IMO, you can do a lot of probabilistic prediction of metabolic health and more from the SNPs in 23&Me, Ancestry, etc. And that is enough for actuarial calculations on large populations to be a competitive advantage. I've seen it myself with my proof-of-concept consulting service using such DNA data; you can see prominent trends in their genetic data, and when you talk to them, you can see how it has played out in their life, sometimes strikingly well. It's a research paper waiting to be done IMO, we are just getting started with genetics because it only got cheap relatively recently, and there is no bio-tech / pharma grant money to fund studies on general health stuff.
In the USA there is the GINA act that is preventing this from happening, it passed in 2008. It's what I refer to when potential customers asked about that issue. It is illegal for health insurance companies to use that information for setting health insurance premiums and other purposes, and thank goodness for that.
With AI image & video recognition, there is probably a similar thing waiting to happen health wise just from pictures of people as they age, or for LLMs if they ask you a bunch of questions.
Thank you for posting.
So little grounded common-sense publications online these days.
👍🤯
I'm not convinced by your argument to keep DNA with 23andMe. It’s misleading to suggest that because they only have a fraction of your genome, the risk is trivial or “nothing to worry about.”
Science is moving fast, and SNP data already contains a wealth of personal and familial information with the potential to reveal much more in the future—especially as research links more variants to health, family relationships, or genetic traits. Unlike browsing or social media data, your DNA can’t be changed; it uniquely identifies you and your relatives, meaning breaches or misuse have permanent consequences. Companies can go bankrupt, get sold, or change their data policies, and what’s “safe” today could be up for grabs tomorrow. The wise move is to delete your DNA data now—before you lose control for good.

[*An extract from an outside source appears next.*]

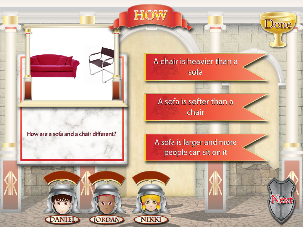 The student selects the correct answer from three possible options. The “how” questions target issues such as social skills, comparing and contrasting and emotions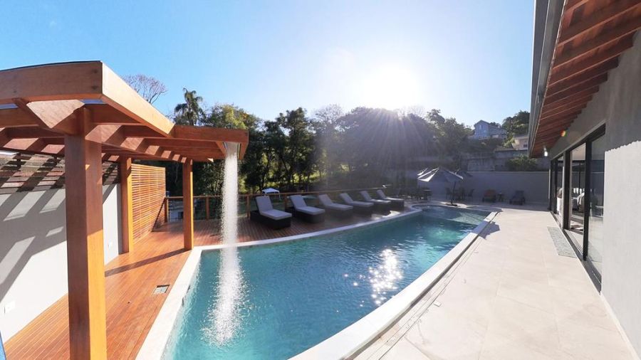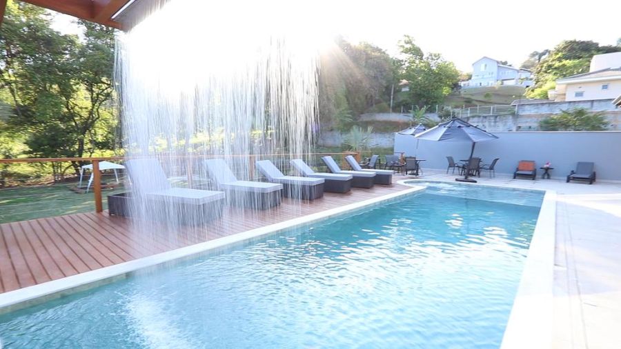 Piscina aquecida com cascata e hidromassagem.

Sure, I get it - and others have made those points too. It's just that I have a different view of the likely potential risk from this (I consider it very low), and I like the services provided by 23andMe, so on balance I'll keep my account. Also another point I didn't make in the main article: if you have any close relatives who are sharing their DNA, then yours is mostly (depending on how closely related they are) out there too. You can't really control that.
Thanks for responding and I appreciate your perspective. I do want to point out that shifting to the idea that "your relatives have uploaded DNA, so yours is out there anyway" seems like moving the goalposts.
The original question was whether an individual should take steps to protect their own genetic privacy, not whether it's possible to control every potential exposure. While it’s true we can’t fully control what others do, that doesn’t mean our own choices are meaningless; every additional dataset amplifies the risk of identification or misuse, especially as the science and industry around genetics evolve.
Even if the current risk seems low, future applications or policy changes could turn today’s decision into tomorrow’s vulnerability. Deleting your data isn’t about achieving perfect privacy, but about minimizing your footprint and future-proofing your privacy as much as possible.